Article posté par buzzy 28 mai 2012 dans Geek et Science

C'était une idée toute simple au départ mais qui pourrait bien transformer la carte des maladies endémiques de l'Afrique subsaharienne. L'entomologiste Bart Knols qui dirige la société néerlandaise In2Care basée à Wageningen a peut-être trouvé le moyen d'éradiquer les moustiques, en particulier ceux qui sévissent sur le continent africain et qui sont vecteurs de la malaria (anophèle) et de la dengue.

Bart Knols

L'idée lui est venue le jour où il a réalisé que les traitements anti-puces administrés aux chiens bloquaient le système nerveux des parasites tout en étant complètement neutres pour les canidés. Pourquoi, s'est alors demandé Bart Knols, ce produit ou un de ses dérivés, n'agirait-il pas de la même manière sur l'Homme ?

Convaincu que son intuition était la bonne, le chercheur s'est attelé à la tâche et à mis au point un comprimé dont la composition précise est pour l'instant secrète : le médicament est en attente d'un brevet, ou plus précisemment d'un procuring patent qui autorise l'utilisation d'un médicament qui bénéficie déjà d'une autorisation de mise sur le marché mais qui était à l'origine destiné à être commercialisé à d'autres fins.

Evidemment, le produit n'en est encore qu'au stade des essais cliniques mais il semble déjà prometteur.
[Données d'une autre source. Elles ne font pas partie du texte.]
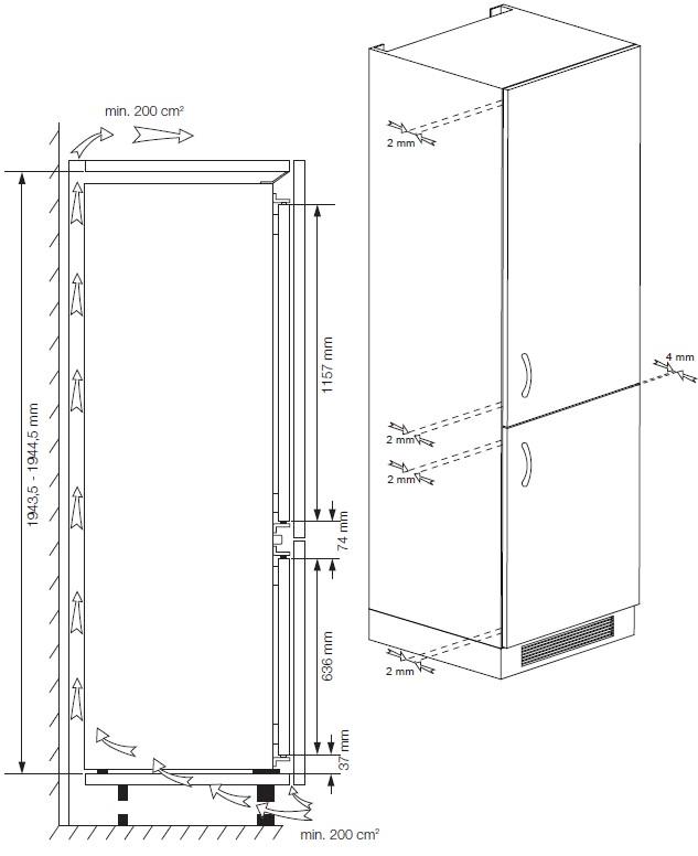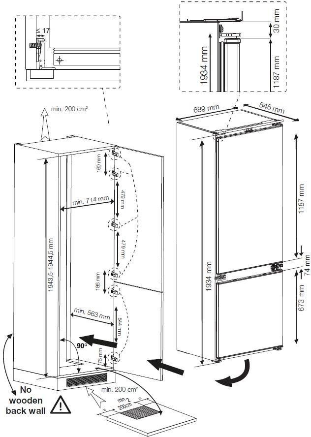 Vestavná kombinovaná chladnička; Nulová zóna; en. třída D; celkový hrubý objem 370 l; možnost změny směru otevírání dveříl; kluzné panty pro vestavbu do kuchyňské linky; Přihrádka VitamineZone se střídáním světla pro uchování vitamínů a čerstvosti; AeroFresh rychlejší chlazení, lepší distribuce chlazení, méně úniků teploty; režim Eco, Dovolená, FastFreeze; spotřeba el. energie: 198 kWh/rok; hlučnost pouze 35 dB; rozměry (V x Š x H): 194,5 x 69 x 55 cm.

Bart Knols l'a testé lui-même à plusieurs reprises - pas évident de trouver des cobayes pour ce type d'expériences - et il est efficace : une fois le sang contaminé ingéré, il ne faut pas plus d'un quart d'heure pour que les premiers moustiques commencent à tomber.
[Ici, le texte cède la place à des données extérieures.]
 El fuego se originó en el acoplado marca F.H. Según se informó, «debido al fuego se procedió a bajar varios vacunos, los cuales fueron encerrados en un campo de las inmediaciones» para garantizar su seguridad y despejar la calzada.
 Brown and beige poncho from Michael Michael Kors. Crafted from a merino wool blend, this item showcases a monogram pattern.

Si Bart Knols affirme pour l'instant n'avoir ressenti aucun effet secondaire, il est trop top pour dire si le comprimé est réellement innofensif : il se peut qu'il ait des effets totalement différents sur d'autres personnes.
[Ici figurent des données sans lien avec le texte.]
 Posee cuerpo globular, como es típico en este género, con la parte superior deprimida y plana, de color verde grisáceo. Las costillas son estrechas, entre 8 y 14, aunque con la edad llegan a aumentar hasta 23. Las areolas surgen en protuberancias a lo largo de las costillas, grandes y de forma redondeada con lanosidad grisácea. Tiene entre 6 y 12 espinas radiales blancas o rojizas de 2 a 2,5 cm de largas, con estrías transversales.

De plus, comme le souligne Henk Schallig, coordinateur de recherches et parasitologue auprès de l'Institut royal des tropiques à Amsterdam, on ignore si le produit, qui n'a pas encore reçu d'agrément pour une utilisation par des êtres humains, pourra être utilisé par les personnes qui sont les plus à risque, c'est-à-dire les femmes enceintes qui sont les cibles privilégiées des anophèles. Le chercheur, convaincu de l'intérêt que pourrait présenter ce médicament nuance néanmoins l'optimisme qu'il pourrait susciter : "(...) Le foetus dans l'utérus est vulnérable. Ce ne serait pas la première fois qu'un médicament prometteur échoue au stade expérimental car les risques sont trop élevés pour l'enfant à naître."